J Callander – Shadows in the Shade (13th Floor Album Review)

J Callander’s Shadows in the Shade is a carefully shaped debut, built over several years and grounded in atmosphere and intent. Spanning nine tracks, each running beyond five minutes, ideas have space to develop through extended structures and shifting arrangements.

Musically it sits within atmospheric alternative rock, drawing on layered guitars, steady rhythmic foundations and piano used sparingly to create songs that move gradually rather than resolve quickly.

At its core, the album wrestles with a set of central concerns: personal responsibility, social dislocation and the tension between outward roles and inner truth. Lines such as “we are the little people” and “our blood built the roads you walk on” frame a collective voice shaped by labour and invisibility, while elsewhere Callander internalises that conflict with “I’m not the enemy without, I’m the enemy within”, locating it at a more personal level. These are direct, word-rich lyrics, delivered with a measured baritone that sits between spoken and sung, allowing the vocal to stretch and settle, giving it a grounded, deliberate presence.
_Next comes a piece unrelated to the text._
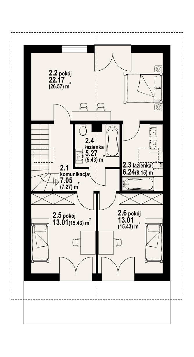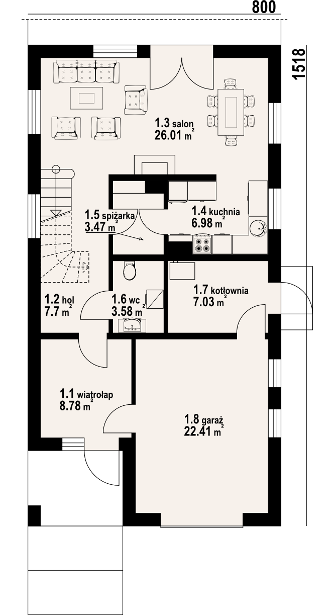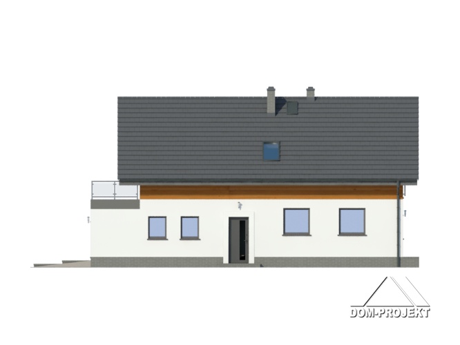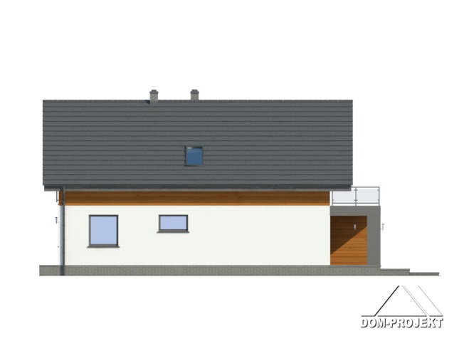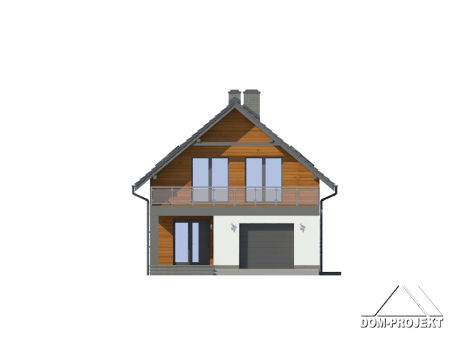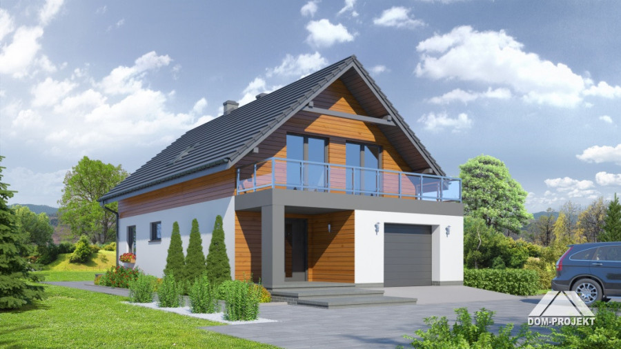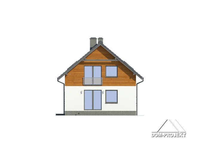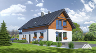 Dom na wąską działkę. Na parterze duży salon z kominkiem, wyjściem na taras i schodami na poddasze. Kuchnia, spiżarka, wc, wiatrołap, kotłownia i garaż. Na poddaszu trzy pokoje, dwie łazienki, komunikacja i balkon. Prosta bryła budynku i dach dwuspadowy sprzyjają szybkiej i taniej budowie i niskim kosztom eksploatacji.

The album’s title, Shadows in the Shade, captures this layering of unease. It suggests something concealed beneath an already obscured surface, an idea that runs through both the writing and the arrangements. Even in quieter passages there is often a sense of tension held back rather than released. The cover image reinforces this mood, its solitary, scarecrow-like figure set against a barren landscape, echoing themes of isolation and endurance.

From the outset, The Little People establishes both the thematic and musical approach. The song moves between a restrained groove and bursts of intensity, with guitars and drums rising quickly around the vocal before dropping back to allow key lines to land. This pattern of expansion and contraction becomes a defining feature across the record. Songs unfold in waves, building through layered guitars and steady rhythmic pulses, then pulling back into sparser spaces where the lyric takes focus. Multiple guitar lines often circle each other, creating motion within the arrangement rather than a single dominant lead, while the rhythm section holds a consistent centre.
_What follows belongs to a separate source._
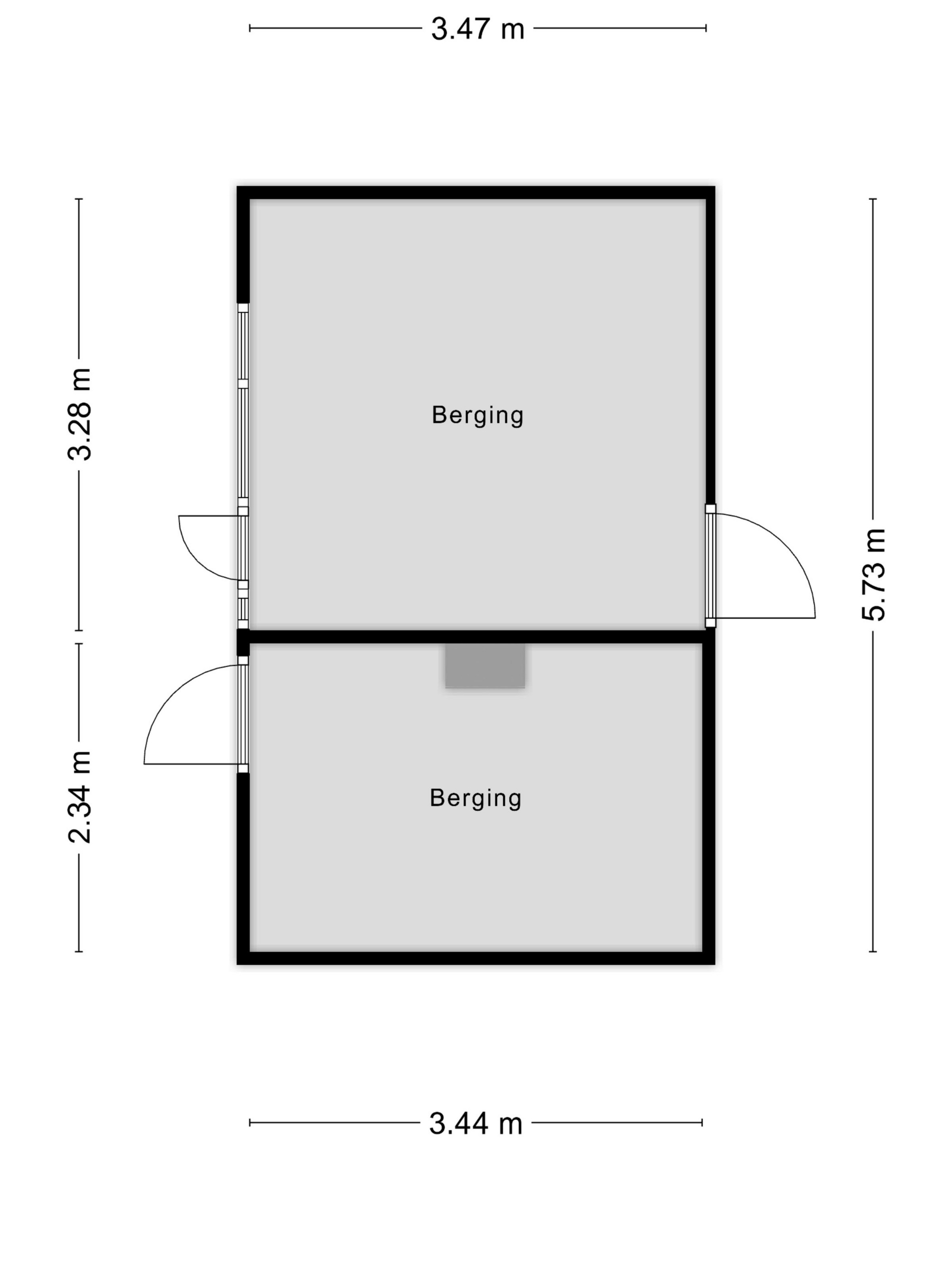 Traditioneel gebouwd in halfsteensmetselwerk, betonvloer, platdakconstructie gedekt met bitumineuze dakbedekking.

The Real Surreal extends this approach into a longer, episodic structure. Opening in a sparse, heat-hazed atmosphere, it steadily accumulates weight through overlapping vocals and rising instrumentation, mirroring its themes of distortion and uncertainty. Bring the Pain and My Own Drum continue the exploration of agency and consequence, the latter finding a warmer, more grounded tone. Its central refrain, “marching to the beat of my own drum”, is given space to land, with shifts in texture allowing the song to move forward without losing clarity.

At the album’s centre, All I Can Bleed draws everything inward. Built on a slow, repeating guitar figure and a low, persistent drone, it centres on the line “I was supposed to be…”, repeated with increasing impact. The sparseness of the arrangement gives the vocal room to carry the emotion, with subtle shifts in tone and intensity building a growing sense of strain.

That alignment between lyrics and music becomes more forceful on The Enemy Within, where fast-moving rhythms and sharply defined guitar lines drive the track forward. The vocal keeps pace with the urgency of the arrangement, delivering a stream of identities and contradictions, each surge of musical intensity holding the themes tighter. 

In the closing stretch, the album shifts again. Crossing the Rubicon balances abrasion and calm, its steady underlying rhythm anchoring a series of rising and falling passages. The Ballad of Frosty Jack then draws the music inward, its slow, deliberate guitar lines and quiet vocal holding tension through restraint. High, ringing notes and the careful start-stop motion of the guitar phrasing create a sense of unease that lingers rather than resolves.

Final track Homecoming begins sparsely, with an acoustic guitar strum leading to a questioning and subdued vocal. It later builds through echoing guitar, steady bass and short bursts of electric intensity. Rather than pushing toward a final peak, the track winds down, returning to its opening simplicity of strummed acoustic guitar and closing the album with a sense of release that feels earned.

Engineered by Matt Thompson and mixed by Aaron Glemboski, the production supports this emphasis on movement and control. Layers of guitar and reverb create depth, while shifts in texture are given space to register clearly. The album’s sense of purpose lies in how consistently it holds these elements together, pairing expansive, idea-driven writing with arrangements that carry that weight across its full hour-long span.